Les transporteurs apparurent. Je me laissai accrocher, néanmoins sur ma faim. Le soleil illuminait l’Europe et nous survolâmes les montagnes en direction de l’Ouest. Tout en me détendant, je profitais du panorama.

On nous déposa après plus d’une heure de vol sur la piste d’entraînement. Depuis le ciel, j’aperçus dans les compartiments des hangars trois F10 couleur sable. Héloïse, debout au milieu du couloir des ESAO nous attendait.

— Encore un super tir, Clarine.

— Tu peux t’occuper de Mercedes, je vais me décrocher toute seule.

— D’accodac !

Je fermai le rideau, puis ordonnai à mon Furet de me libérer. Mon vagin était encore abondamment humide, le transmetteur le quitta, luisant de mes envies.

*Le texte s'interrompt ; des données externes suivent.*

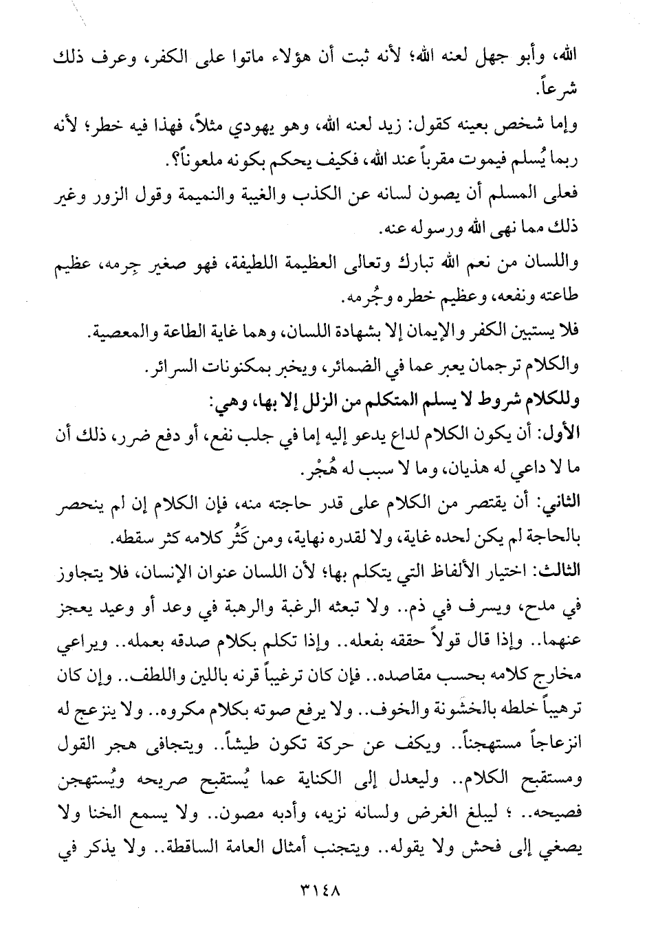 الثاني: أن يقتصر من الكلام على قدر حاجته منه، فإن الكلام إن لم ينحصر بالحاجة لم يكن لحده غاية، ولا لقدره نهاية، ومن كَثُر كلامه كثر سقطه.
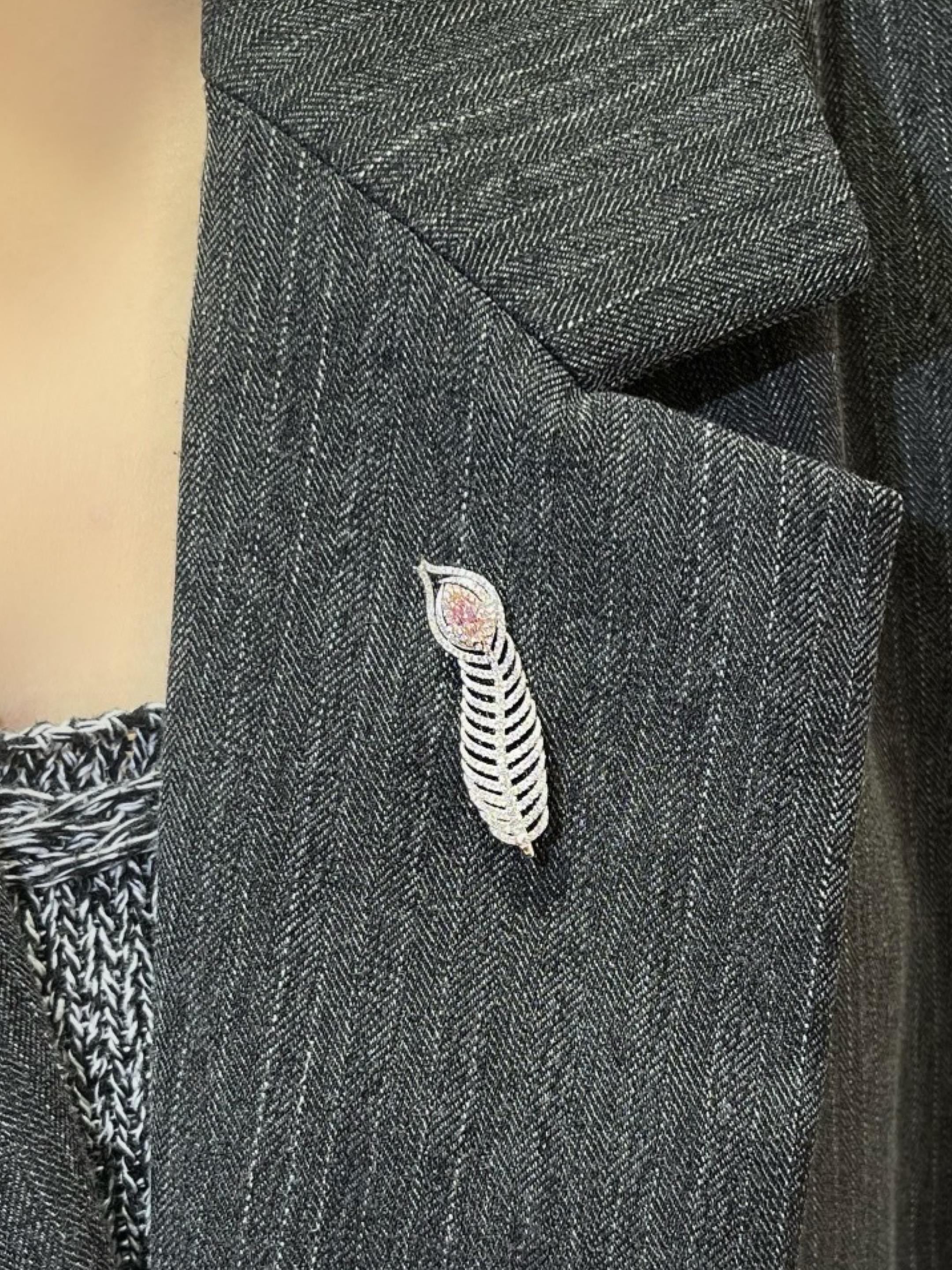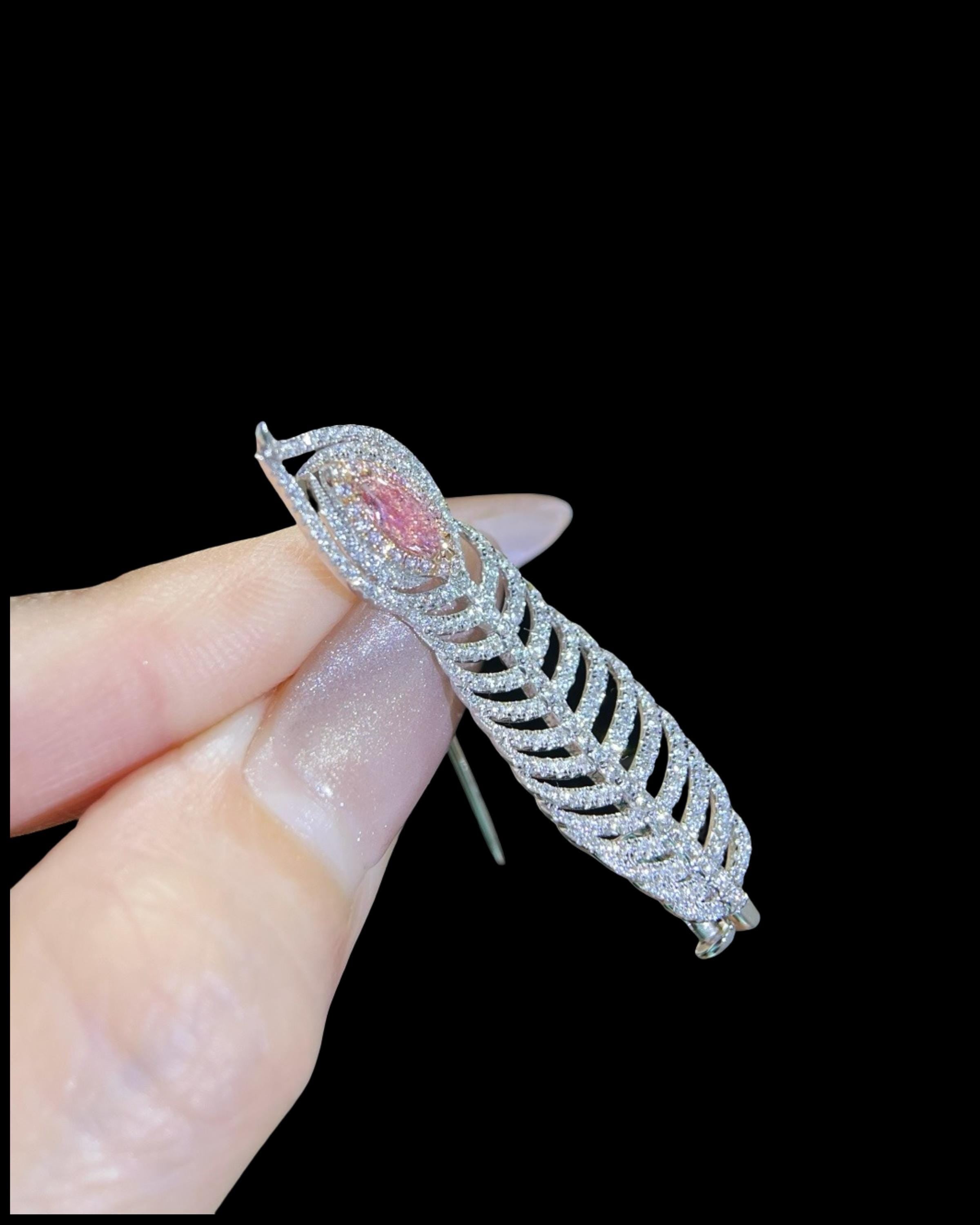 GIA Certified Natural Pink Diamond Feather Pendant Brooch | 0.35ct Marquise VS2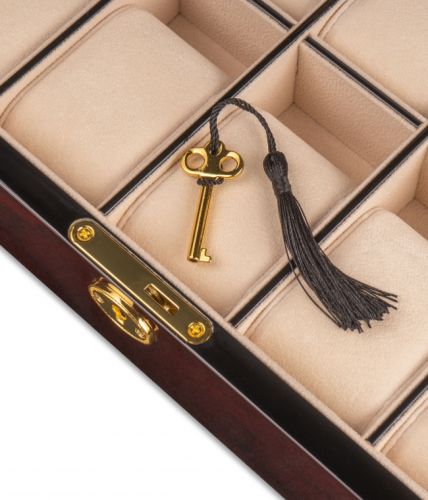 Демонстрируя свои часы через крышку, нужно не забывать про их сохранность. Обеспечить ее позволяет небольшой замочек на торцевой части, закрывающийся на ключ.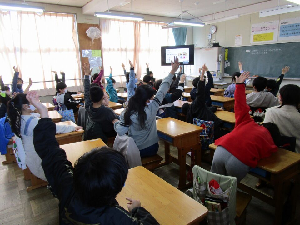 今日は、日頃お世話になっているボランティアさんにお越しいただき、学校に関してのクイズをして楽しみました。

Après avoir nettoyé la selle, je déposai mes lentilles dans leur boîte, puis rejoignis le vestiaire. N’ayant pas transpiré, j’essuyai mon entrecuisse et enfilai directement mon uniforme.

Je croisai mes camarades à la porte du vestiaire, et m’approchai des hangars voisins aux miens pour admirer un des F10. Il n’était pas beaucoup plus grand que le Furet, mais il avait vraiment cette tête trapue de félin avec ses canons de gueule et la dentition qui, comme mon modèle, pouvait être utilisée en cas de manque d’énergie. L’ESAO que j’avais toujours utilisé en arcade était un des rares dont je connaissais chaque fonction sans l’avoir piloté. Si je n’avais pas été attachée à mon exosquelette actuel, sans nul doute que l’envie de le piloter m’aurait titillée davantage.